Look in the data below for the line that has "אזוביון דגול בשמורת לימן", then print exactly every line from there through the line that has "Foto tomada en", leaving pictures out.

-- DATA EXTRACTS follows --

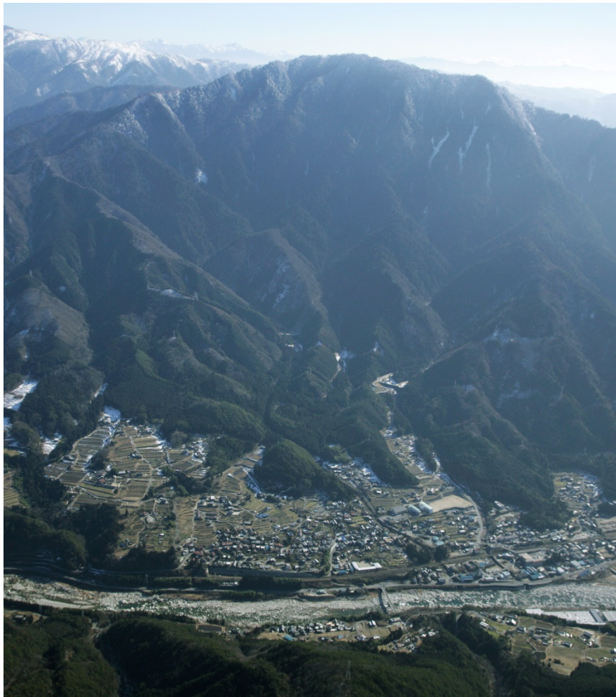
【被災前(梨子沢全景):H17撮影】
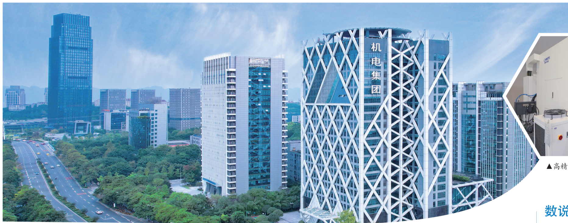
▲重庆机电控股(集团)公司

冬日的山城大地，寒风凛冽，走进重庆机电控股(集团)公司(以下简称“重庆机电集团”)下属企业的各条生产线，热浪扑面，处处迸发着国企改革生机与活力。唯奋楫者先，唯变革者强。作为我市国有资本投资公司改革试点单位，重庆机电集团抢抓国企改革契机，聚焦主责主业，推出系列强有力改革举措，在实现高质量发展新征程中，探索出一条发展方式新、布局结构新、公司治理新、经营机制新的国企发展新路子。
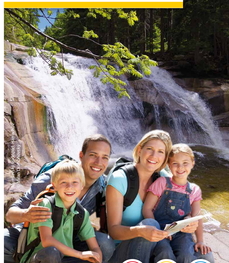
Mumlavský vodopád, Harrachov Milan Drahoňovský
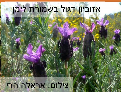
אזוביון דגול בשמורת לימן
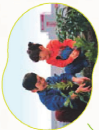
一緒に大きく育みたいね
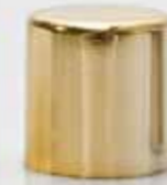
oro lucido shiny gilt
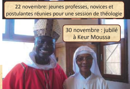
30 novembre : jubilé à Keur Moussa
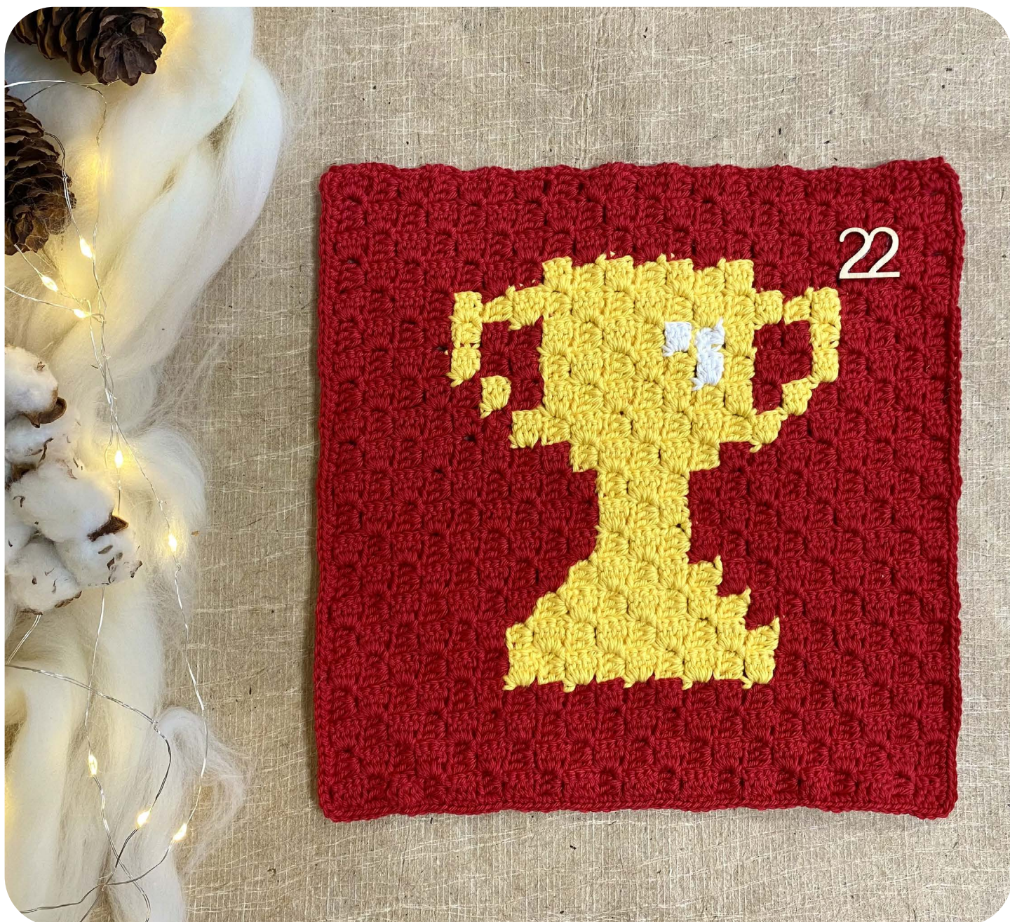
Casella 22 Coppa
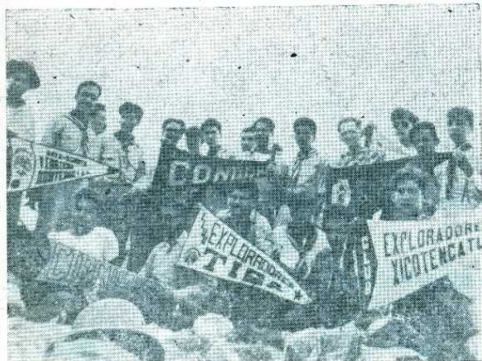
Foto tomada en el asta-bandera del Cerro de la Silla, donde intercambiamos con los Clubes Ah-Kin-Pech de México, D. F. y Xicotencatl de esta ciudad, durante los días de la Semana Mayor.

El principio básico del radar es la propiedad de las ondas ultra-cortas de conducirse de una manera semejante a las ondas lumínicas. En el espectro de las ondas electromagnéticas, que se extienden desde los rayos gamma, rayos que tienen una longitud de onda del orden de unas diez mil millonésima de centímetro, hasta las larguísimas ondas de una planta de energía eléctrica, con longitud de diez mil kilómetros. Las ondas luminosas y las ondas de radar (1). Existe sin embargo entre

-- DATA EXTRACTS concluded --
-- DATA EXTRACTS follows --

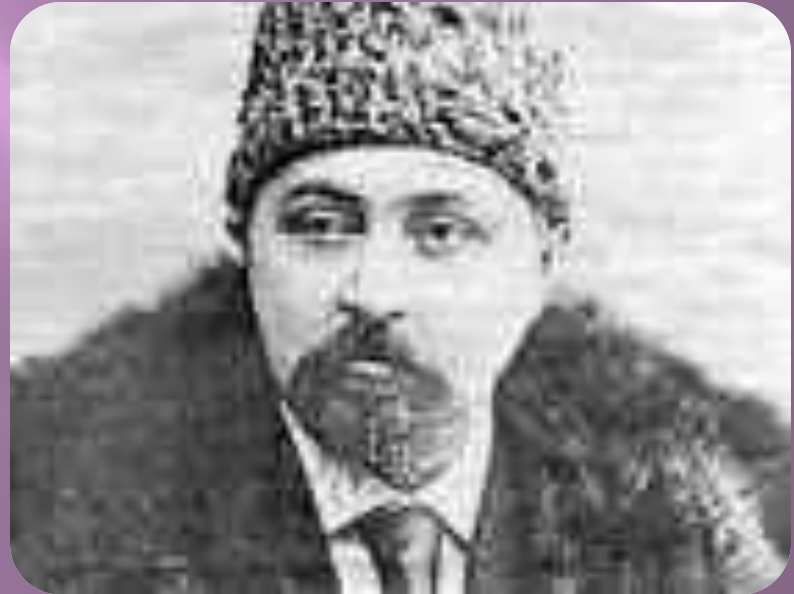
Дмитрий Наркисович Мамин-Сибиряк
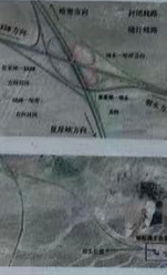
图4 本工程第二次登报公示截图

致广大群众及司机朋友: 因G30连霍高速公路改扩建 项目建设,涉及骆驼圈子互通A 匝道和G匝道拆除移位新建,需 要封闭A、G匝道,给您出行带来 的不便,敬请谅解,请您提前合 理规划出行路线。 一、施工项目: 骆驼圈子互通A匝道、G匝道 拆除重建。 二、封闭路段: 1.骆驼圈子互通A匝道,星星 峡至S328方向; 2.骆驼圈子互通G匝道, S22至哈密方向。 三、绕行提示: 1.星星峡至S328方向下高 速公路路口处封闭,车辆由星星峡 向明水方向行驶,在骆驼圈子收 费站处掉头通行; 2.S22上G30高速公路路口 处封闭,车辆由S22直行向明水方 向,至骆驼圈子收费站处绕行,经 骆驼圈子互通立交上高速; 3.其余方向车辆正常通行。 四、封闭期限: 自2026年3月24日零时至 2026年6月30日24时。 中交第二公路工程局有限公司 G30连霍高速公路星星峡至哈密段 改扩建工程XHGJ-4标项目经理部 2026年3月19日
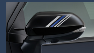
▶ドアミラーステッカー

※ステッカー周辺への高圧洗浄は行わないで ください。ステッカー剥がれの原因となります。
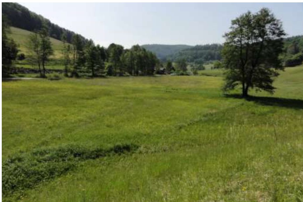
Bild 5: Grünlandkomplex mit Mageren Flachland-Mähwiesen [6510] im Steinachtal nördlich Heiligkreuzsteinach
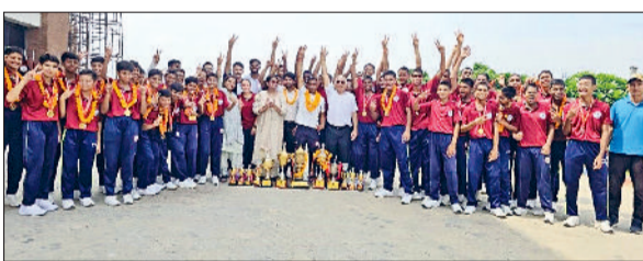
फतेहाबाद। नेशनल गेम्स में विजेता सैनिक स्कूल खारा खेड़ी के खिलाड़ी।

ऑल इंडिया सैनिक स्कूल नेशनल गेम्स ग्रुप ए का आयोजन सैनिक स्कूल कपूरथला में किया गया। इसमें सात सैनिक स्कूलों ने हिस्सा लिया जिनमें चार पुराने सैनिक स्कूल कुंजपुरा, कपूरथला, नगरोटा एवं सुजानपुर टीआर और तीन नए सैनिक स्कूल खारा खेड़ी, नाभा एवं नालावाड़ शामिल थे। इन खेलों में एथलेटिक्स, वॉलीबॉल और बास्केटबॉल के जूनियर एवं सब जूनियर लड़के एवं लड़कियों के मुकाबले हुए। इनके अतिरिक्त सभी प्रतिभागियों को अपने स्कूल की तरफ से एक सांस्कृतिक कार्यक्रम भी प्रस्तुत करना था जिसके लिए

-- DATA EXTRACTS concluded --
-- DATA EXTRACTS follows --

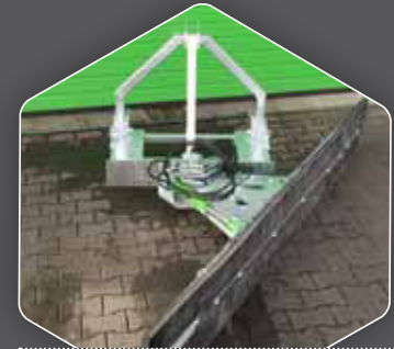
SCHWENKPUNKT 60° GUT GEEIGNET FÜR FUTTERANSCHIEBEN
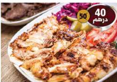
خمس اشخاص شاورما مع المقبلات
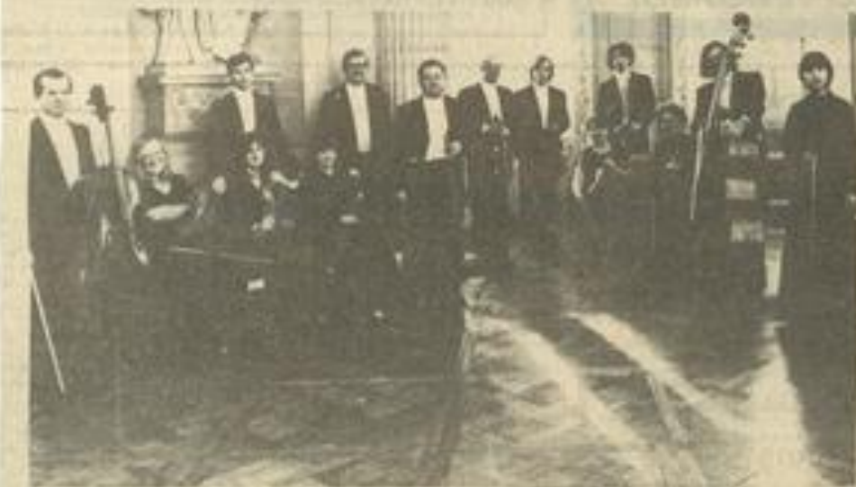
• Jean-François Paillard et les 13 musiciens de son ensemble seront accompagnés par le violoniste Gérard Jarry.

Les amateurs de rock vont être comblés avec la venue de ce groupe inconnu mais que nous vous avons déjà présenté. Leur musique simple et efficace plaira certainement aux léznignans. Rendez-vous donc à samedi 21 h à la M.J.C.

-- DATA EXTRACTS concluded --

YOUR RESPONSE
אזוביון דגול בשמורת לימן
一緒に大きく育みたいね
oro lucido shiny gilt
30 novembre : jubilé à Keur Moussa
Casella 22 Coppa
Foto tomada en el asta-bandera del Cerro de la Silla, donde intercambiamos con los Clubes Ah-Kin-Pech de México, D. F. y Xicotencatl de esta ciudad, durante los días de la Semana Mayor.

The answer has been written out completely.